■ Work item:
Produce a word-for-word copy of the line that contains "白蓮会館九州交流試合 2019-02-27 Tweet" and each line after it through the end of the material, omitting pictures and all other lines.

■ Exercise data:
━━━━━━━━━━━━━━━━

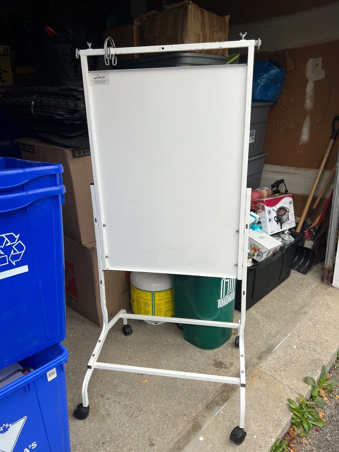 Looking to sell this whiteboard easel. It's on wheels, so it's easy to move around. Great for brainstorming or presentations!
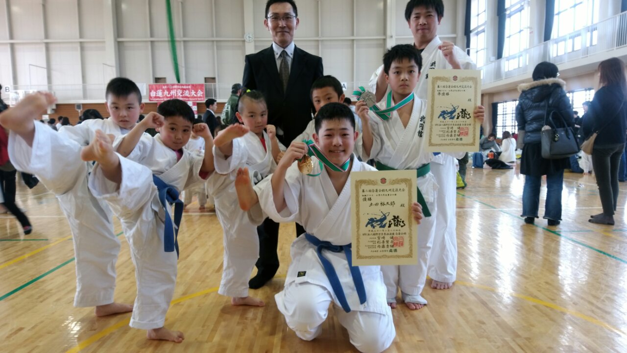 白蓮会館九州交流試合 2019-02-27 Tweet 2019.2.24 白蓮会館九州交流試合に参加しました。 武円館からは7名エントリー。 入賞者 小学6年初級の部 優勝 土田裕太郎くん 小学5年初級の部 準優勝 糸山 大智くん おめでとうございました。
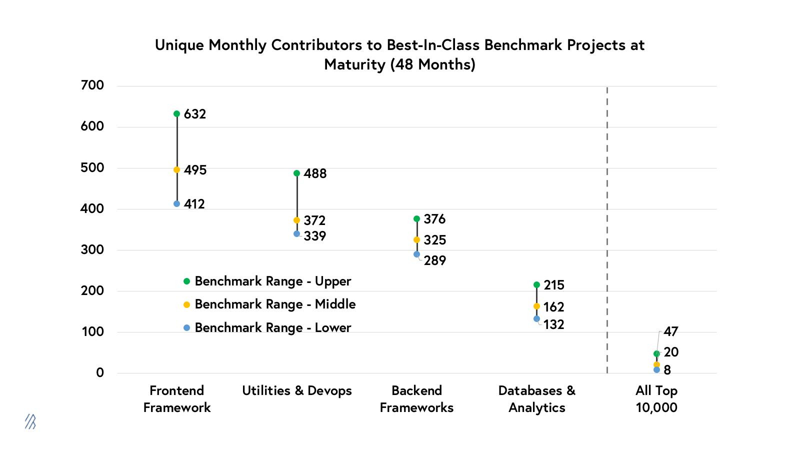 While this is far from a perfect system, we have tried to develop benchmarks that account for the variations across project types by assembling benchmark sets of the top 10 to 20 projects of all time across four major buckets (frontend, backend, devops, and databases) to help us compare projects apples-to-apples against appropriate peer groups. The chart above shows the ranges of monthly contributors for these best-in-class projects at their maturity.
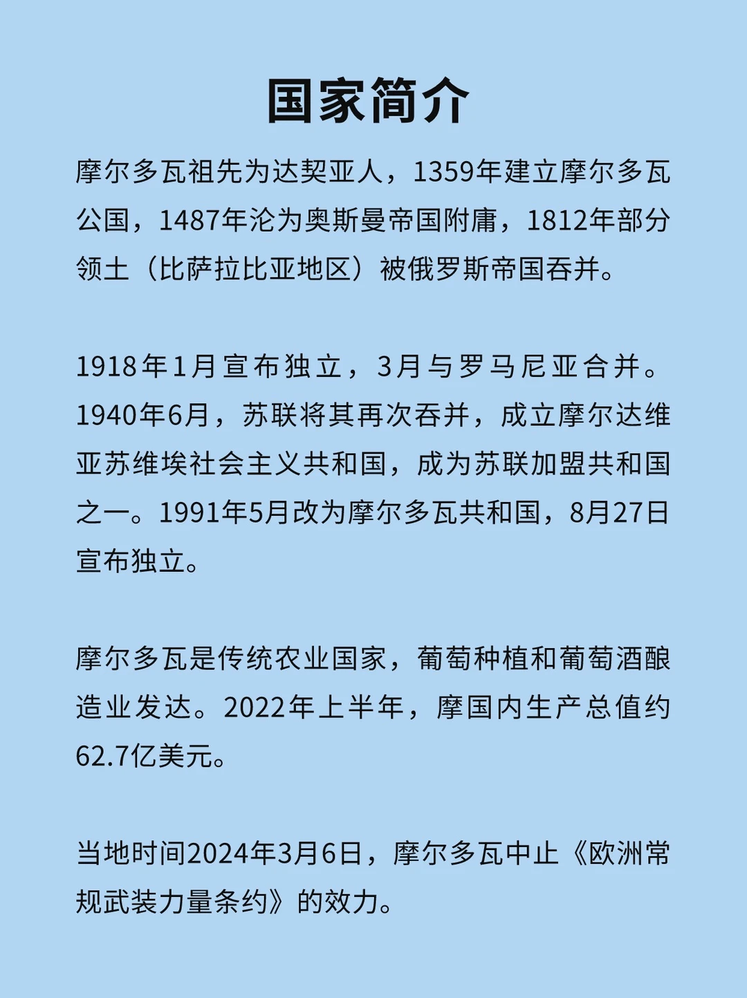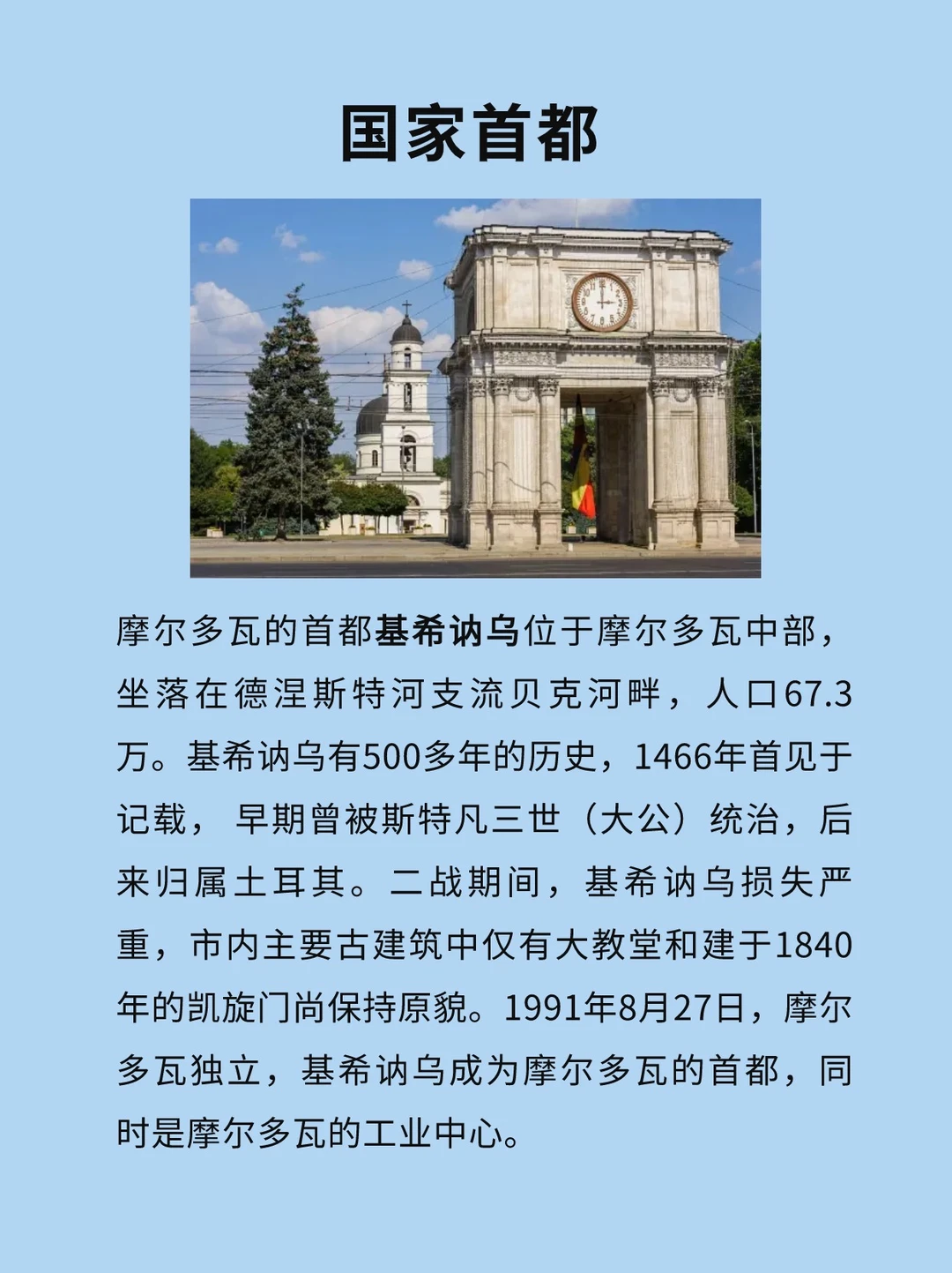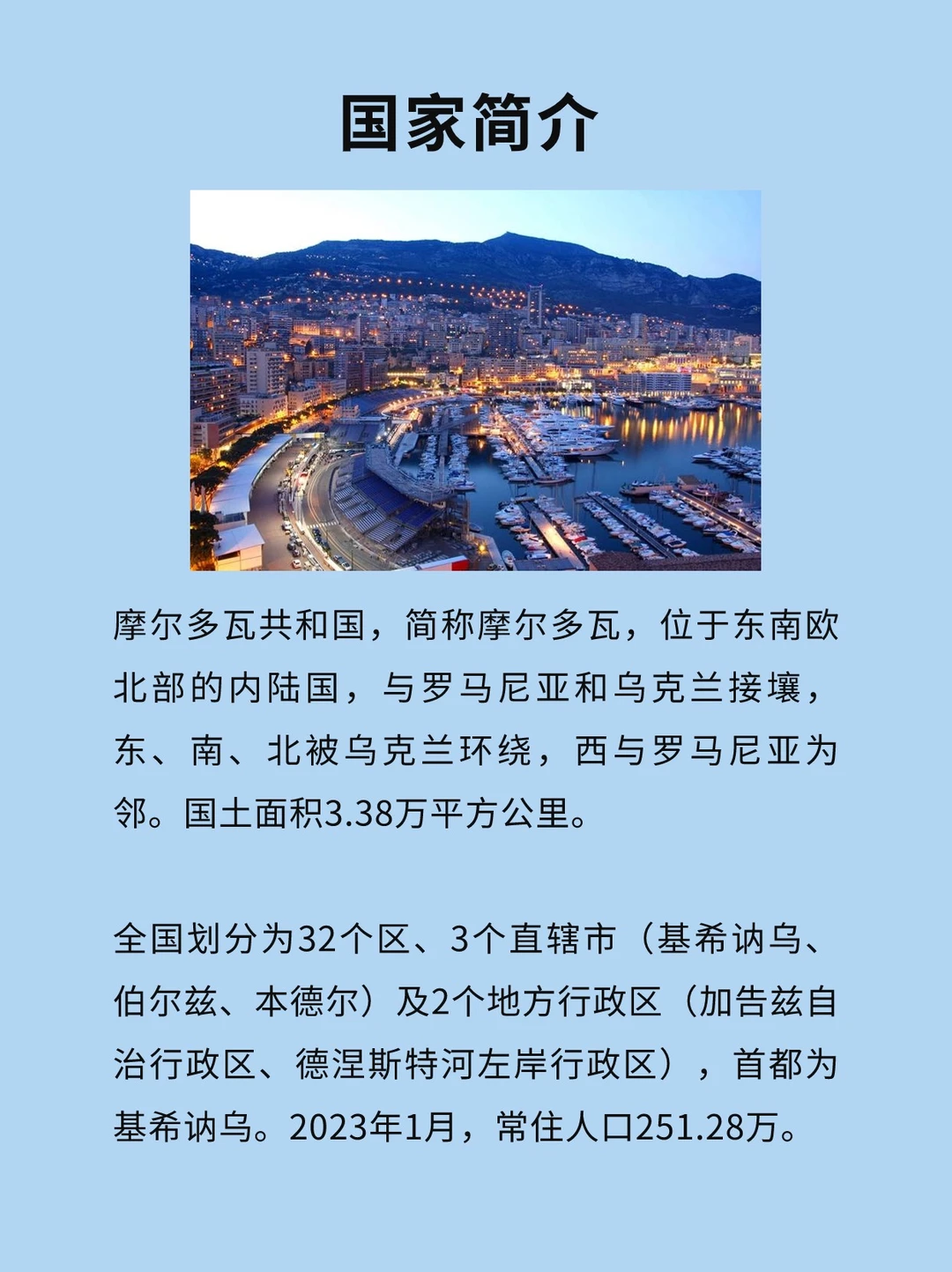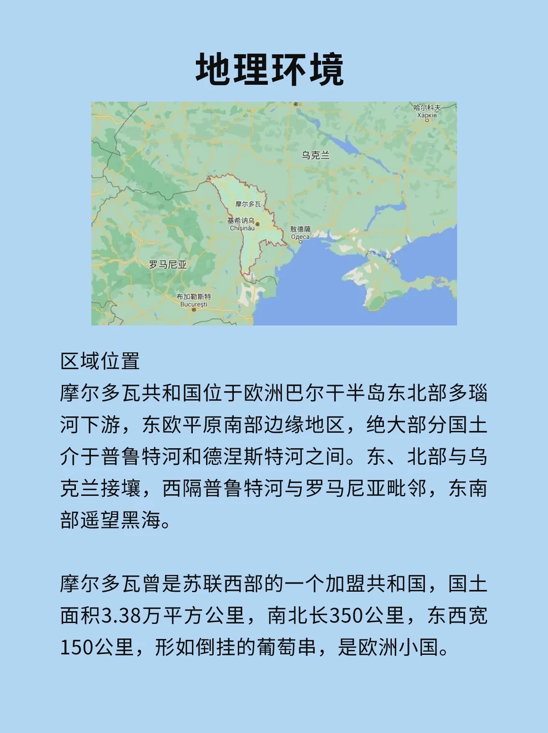 [打卡R]摩尔多瓦共和国,简称摩尔多瓦,位于东南欧北部的内陆国,与罗马尼亚和乌克兰接壤,东、南、北被乌克兰环绕,西与罗马尼亚为邻。 [彩虹R]国土面积3.38万平方公里。全国划分为32个区、3个直辖市(基希讷乌、伯尔兹、本德尔)及2个地方行政区(加告兹自治行政区、德涅斯特河左岸行政区),首都为基希讷乌。2023年1月,常住人口251.28万。

━━━━━━━━━━━━━━━━

■ Task answer:
 白蓮会館九州交流試合 2019-02-27 Tweet 2019.2.24 白蓮会館九州交流試合に参加しました。 武円館からは7名エントリー。 入賞者 小学6年初級の部 優勝 土田裕太郎くん 小学5年初級の部 準優勝 糸山 大智くん おめでとうございました。
 While this is far from a perfect system, we have tried to develop benchmarks that account for the variations across project types by assembling benchmark sets of the top 10 to 20 projects of all time across four major buckets (frontend, backend, devops, and databases) to help us compare projects apples-to-apples against appropriate peer groups. The chart above shows the ranges of monthly contributors for these best-in-class projects at their maturity.
 [打卡R]摩尔多瓦共和国,简称摩尔多瓦,位于东南欧北部的内陆国,与罗马尼亚和乌克兰接壤,东、南、北被乌克兰环绕,西与罗马尼亚为邻。 [彩虹R]国土面积3.38万平方公里。全国划分为32个区、3个直辖市(基希讷乌、伯尔兹、本德尔)及2个地方行政区(加告兹自治行政区、德涅斯特河左岸行政区),首都为基希讷乌。2023年1月,常住人口251.28万。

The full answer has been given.